# Bad Breathe help



## BoxerMommie (Jun 26, 2008)

Okay my girl's breath is so not nice. Anyone have any easy to come by preferably easy on the pocket book remedies for icky breathe? 

Thanks!


----------



## RawFedDogs (Jun 16, 2008)

BoxerMommie said:


> Okay my girl's breath is so not nice. Anyone have any easy to come by preferably easy on the pocket book remedies for icky breathe


Bad breath is caused by bacteria in the mouth, throat, or sometimes stomach. Most often it's the mouth. I had 2 Goldens with horrible breath. 2 days after switching them to raw it went away, never to return again. My Danes have never had bad breath.

The only other solution is to get rid of the bacteria in the mouth which is usually caused by left over kibble between gums and cheeks and between gums and teeth.


----------



## BoxerMommie (Jun 26, 2008)

Sorry not interested in RAW for a variety of reasons. She gets her teeth brushed and it just happened recently, when she was taking so much fish oil so I cut back and then completely dumped it for awhile and it has helped but hasn't eliminated. It isn't really a bacterial smell but more of a fish smell.

But thanks NOT INTERESTED IN RAW which I think I've mentioned in a few posts.


----------



## rannmiller (Jun 27, 2008)

Yeah, I noticed that once I switched to raw and all my dogs were crunching through bones on a daily basis, it really helped clean their teeth and freshen their breath. I don't have to give them any extra bones, I've completely stopped brushing their teeth because I don't need to. It's worked better than anything else I've ever tried. Raw is like my one-stop shop for clean teeth, better poop, happier dogs, better coats, fresher breath, feeding, etc. 

I know you aren't interested in raw, but you asked what works for us, and we told you, there's no reason to get mad at us for being honest. Maybe someone else who has a bad breath dog who's open to the idea of raw might read this and it could help them. 

I can lie if you'd like? 

I feed my dogs Greenies and they've really helped get the extra junk off their teeth. Greenies Smart Biscuits also act like mouthwash, freshening the breath even more. Nutro makes tartar control biscuits that are supposed to further cut back on bad breath. I also buy some breath freshening stuff you can just pour directly into their water bowl, that helps as well. You can get it at PetsMart for about $13 for a big bottle. They also have some doggy breath mints you can buy (that's what I tried in the past, along with bones for chewing).

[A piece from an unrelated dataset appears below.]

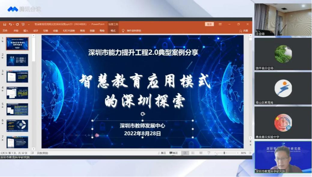 據(jù)介紹,提升工程2.0橫跨十個(gè)區(qū)域,2309所學(xué)校參訓(xùn),選擇“智慧教育應(yīng)用模式”的有2283所學(xué)校,占98.87%,參訓(xùn)人數(shù)合計(jì)131523人,網(wǎng)絡(luò)研修完成率超過(guò)99%。“整校推進(jìn)”樣本輻射廣東全省,推送省級(jí)試點(diǎn)區(qū)3個(gè)(南山區(qū)、福田區(qū)和龍華區(qū))、省級(jí)試點(diǎn)校6所,其中南山區(qū)在廣東省提升工程試點(diǎn)區(qū)考核中獲總分第一名,深圳市育新學(xué)校和南方科技大學(xué)教育集團(tuán)(南山)第二實(shí)驗(yàn)學(xué)校獲得廣東省提升工程2.0省級(jí)試點(diǎn)校“整校推進(jìn)”稱號(hào)。“整校推進(jìn)”模式被廣泛推介與借鑒,促進(jìn)了深圳市智慧教育的深化發(fā)展,智慧教育能力點(diǎn)已有超過(guò)41萬(wàn)次的實(shí)踐應(yīng)用,在平臺(tái)已提交超過(guò)5000份優(yōu)質(zhì)學(xué)科典型課例,深圳全市組織開發(fā)中小學(xué)課程資源包7866個(gè),遴選100所實(shí)驗(yàn)學(xué)校,構(gòu)建了市區(qū)校三級(jí)實(shí)驗(yàn)體系開展實(shí)驗(yàn)探索。首次發(fā)布“名師在線”公開課182節(jié),吸引近40萬(wàn)人次教師線上觀摩。同時(shí),為推動(dòng)教師持續(xù)和深度應(yīng)用信息技術(shù),深圳市公開征集1455節(jié)“在線教學(xué)”優(yōu)秀課例,其中約一半轉(zhuǎn)化為中小學(xué)教師繼續(xù)教育的學(xué)習(xí)課例。

Like I said, none of that stuff worked nearly as well as raw, but at least I spent a lot of money and time on trying them. Good luck!


----------



## rannmiller (Jun 27, 2008)

Sorry if that sounded mean, it's just that you asked for help and then got really mad/mean about it when you got an honest response. 

We all know you aren't interested in raw. Maybe more bones to chew on will help your pup's breath? 

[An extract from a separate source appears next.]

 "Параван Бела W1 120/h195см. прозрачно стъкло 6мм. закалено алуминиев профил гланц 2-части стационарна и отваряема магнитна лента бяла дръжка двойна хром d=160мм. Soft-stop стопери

What are you doing for her now besides the brushing?


----------



## BoxerMommie (Jun 26, 2008)

Thanks, but with her medical problems I do not feel she is a candidate for raw, not to mention it isn't something I am interested in for a variety of reasons. I'm not saying it doesn't work (although she gets raw bones occasionally and her teeth are clean) however it isn't for us, and for pete's sake I think RFD has a lot to offer but that's his "cure all" for everything and well as with anything I don't believe that one thing is the answer for everything, does it work for some? I'm sure it does, however no I don't believe it can work for all (as some can attest to on his forum no less), and it isn't something I'm interested in. She's almost 7 years old has eaten kibble her entire life and it JUST started (and I literally mean overnight) in the past few months. She was on extremely high doses of fish oil for her joint issues and so I cut back on that and actually stopped it for awhile as that was about the time it happened and like I said literally overnight, however stopping it has not solved the problem. 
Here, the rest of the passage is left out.